I watched a lot of cartoons and movies. I draw incessantly and carry a sketchbook everywhere. I work in animation and self-publish my books. There are monsters in the streets, don't wear red. Mad bulls and monsters hate that color. I still watch cartoons.

Wednesday, March 24, 2004


Painter Classic illustration touched up in Photoshop 6. Wacom Tablet and stylus

Haven't posted because I'm heading into heavy work load during the day and slogging through the last five pages of the book at night. There's a million details I've made a mental note to fix on top of adding gray values to pages that has had to go without. Dialogue pass then word balloon pass, inside front/back illustration, back cover copy, page 2 illustration, cure for the common cold, make cold fusion a reality, find Big Foot.

And for those of you multi-taskers looking down at us mere mortals, how about this famous party pleaser...

Schroedinger's Cat (or Fun with Quantum Mechanics) A cat is placed in a box, together with a radioactive atom. If the atom decays, and the geiger-counter detects an alpha particle, the hammer hits a flask of prussic acid (HCN), killing the cat. The paradox lies in the clever coupling of quantum and classical domains. Before the observer opens the box, the cat's fate is tied to the wave function of the atom, which is itself in a superposition of decayed and undecayed states. Thus, said Schroedinger, the cat must itself be in a superposition of dead and alive states before the observer opens the box, "observes'' the cat, and "collapses'' it's wave function.
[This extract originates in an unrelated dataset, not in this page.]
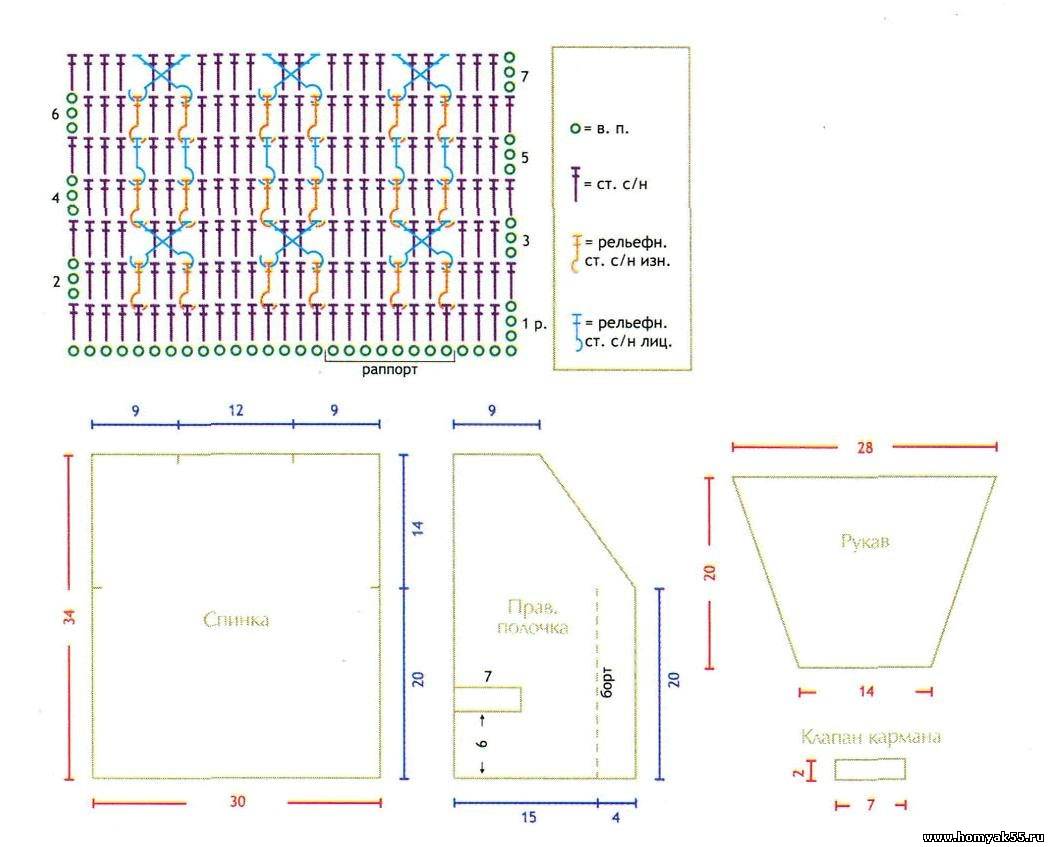 Детали увлажнить и дать им высохнуть. Выполнить плечевые и боковые швы, вшить рукава и пришить клапаны карманов. Все изделие обвязать 2 рядами СБН. Пришить пуговицы, в качестве петель использовать отверстия в узоре.

I came across it in a fiction piece while waiting for my kids at a bookstore, it was about a man travelling to another parallel universe . It fascinated me maybe because I heard about it before and here it was put to what I can value as a good use for it, in a story. Besides, parallel alternate states sounds cool to those of us who can mangle a fine illustration of science theory by trying to explain it. The best part is that even if I do explain it bad I still get credit for being into it, right? (Or is it that the end results of this is a dead/alive cat = Zombie Cat?! Awright!)
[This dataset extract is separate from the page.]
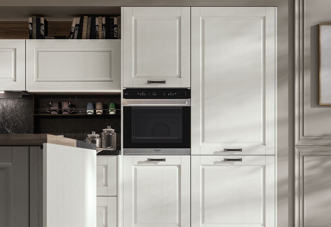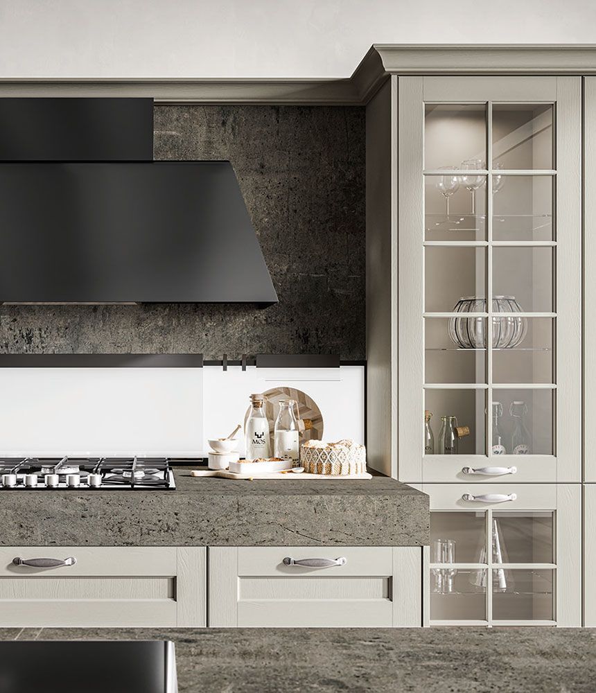 olo di Arredo3 è una cucina elegante dallo stile classico e leggero allo stesso tempo perché è caratterizzata da modanature e sottili elementi decorativi e da un’anta diamantata con telaio in massello di frassino. Puoi così creare un’atmosfera raffinata e rassicurante,

A cobbled summation on Wave Form Equation is: you can not determine what will happen, only the probability of a certain event occurring. And curiously, this event does not actually happen until you observe it, so...it's not important that the cat is both dead and alive BEFORE you open the box but it is important to note that the action of observing this event changes it. Glad that's all cleared up. Make mine Marvel. Excelsior! 'Nuff said.